Supplied material:
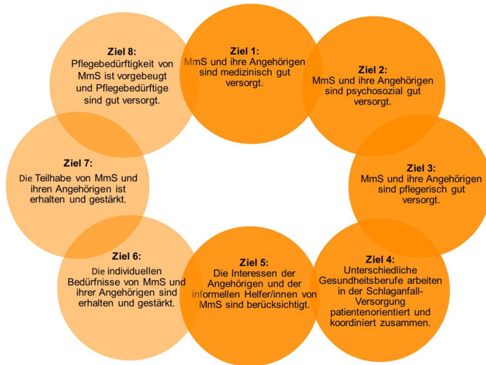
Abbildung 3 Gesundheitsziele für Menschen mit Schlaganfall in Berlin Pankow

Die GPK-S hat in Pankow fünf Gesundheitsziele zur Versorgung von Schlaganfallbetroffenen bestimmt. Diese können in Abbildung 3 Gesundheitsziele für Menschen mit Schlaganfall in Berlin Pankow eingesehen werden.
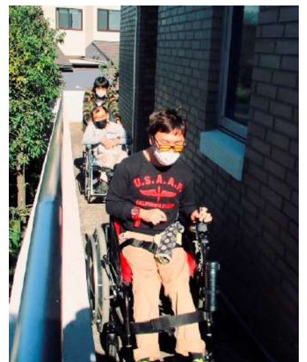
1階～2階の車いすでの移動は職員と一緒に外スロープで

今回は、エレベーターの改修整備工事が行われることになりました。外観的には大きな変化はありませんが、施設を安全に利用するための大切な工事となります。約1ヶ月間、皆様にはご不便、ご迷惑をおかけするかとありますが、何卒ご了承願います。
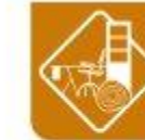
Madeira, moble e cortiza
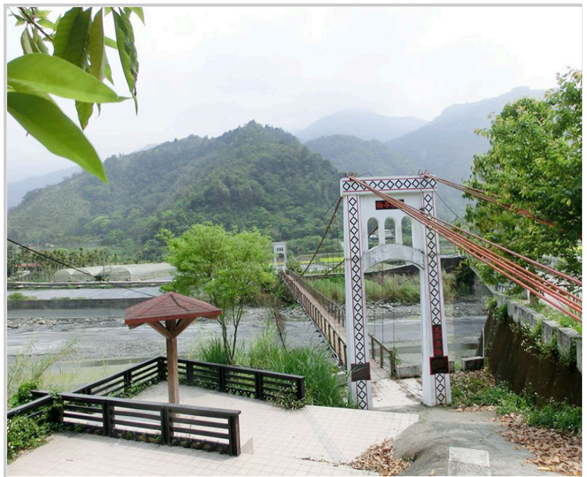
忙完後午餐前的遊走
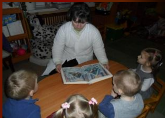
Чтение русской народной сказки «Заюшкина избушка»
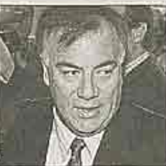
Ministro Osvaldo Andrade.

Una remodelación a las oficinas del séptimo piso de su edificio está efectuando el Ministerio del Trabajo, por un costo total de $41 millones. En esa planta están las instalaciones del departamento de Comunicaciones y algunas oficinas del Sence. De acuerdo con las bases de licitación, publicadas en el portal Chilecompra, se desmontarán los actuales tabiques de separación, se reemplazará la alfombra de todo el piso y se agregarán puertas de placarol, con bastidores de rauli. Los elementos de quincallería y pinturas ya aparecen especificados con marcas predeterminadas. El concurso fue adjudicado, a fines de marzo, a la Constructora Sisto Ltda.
==
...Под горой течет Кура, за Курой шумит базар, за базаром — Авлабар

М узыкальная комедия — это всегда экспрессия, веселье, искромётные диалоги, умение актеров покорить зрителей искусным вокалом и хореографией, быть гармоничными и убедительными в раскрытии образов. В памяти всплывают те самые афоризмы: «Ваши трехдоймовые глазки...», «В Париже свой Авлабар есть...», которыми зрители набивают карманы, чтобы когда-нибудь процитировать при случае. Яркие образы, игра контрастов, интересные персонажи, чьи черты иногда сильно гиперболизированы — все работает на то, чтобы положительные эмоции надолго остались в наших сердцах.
* * *
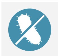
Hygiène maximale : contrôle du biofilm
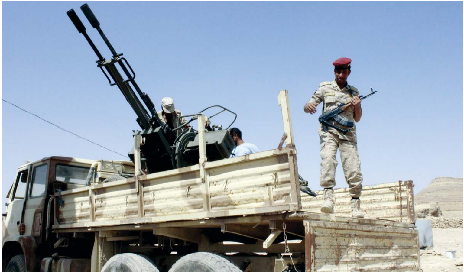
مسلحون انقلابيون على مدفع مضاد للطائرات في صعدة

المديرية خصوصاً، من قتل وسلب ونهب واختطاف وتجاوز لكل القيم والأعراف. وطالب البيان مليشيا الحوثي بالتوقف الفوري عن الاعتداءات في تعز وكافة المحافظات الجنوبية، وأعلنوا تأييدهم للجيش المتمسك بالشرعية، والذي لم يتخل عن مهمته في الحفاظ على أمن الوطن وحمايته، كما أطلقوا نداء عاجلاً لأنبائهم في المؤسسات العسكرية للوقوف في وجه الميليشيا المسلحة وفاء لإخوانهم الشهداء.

What is required: Write out every line from the data above that includes "Berlin".

Response to this exercise:
Abbildung 3 Gesundheitsziele für Menschen mit Schlaganfall in Berlin Pankow
Die GPK-S hat in Pankow fünf Gesundheitsziele zur Versorgung von Schlaganfallbetroffenen bestimmt. Diese können in Abbildung 3 Gesundheitsziele für Menschen mit Schlaganfall in Berlin Pankow eingesehen werden.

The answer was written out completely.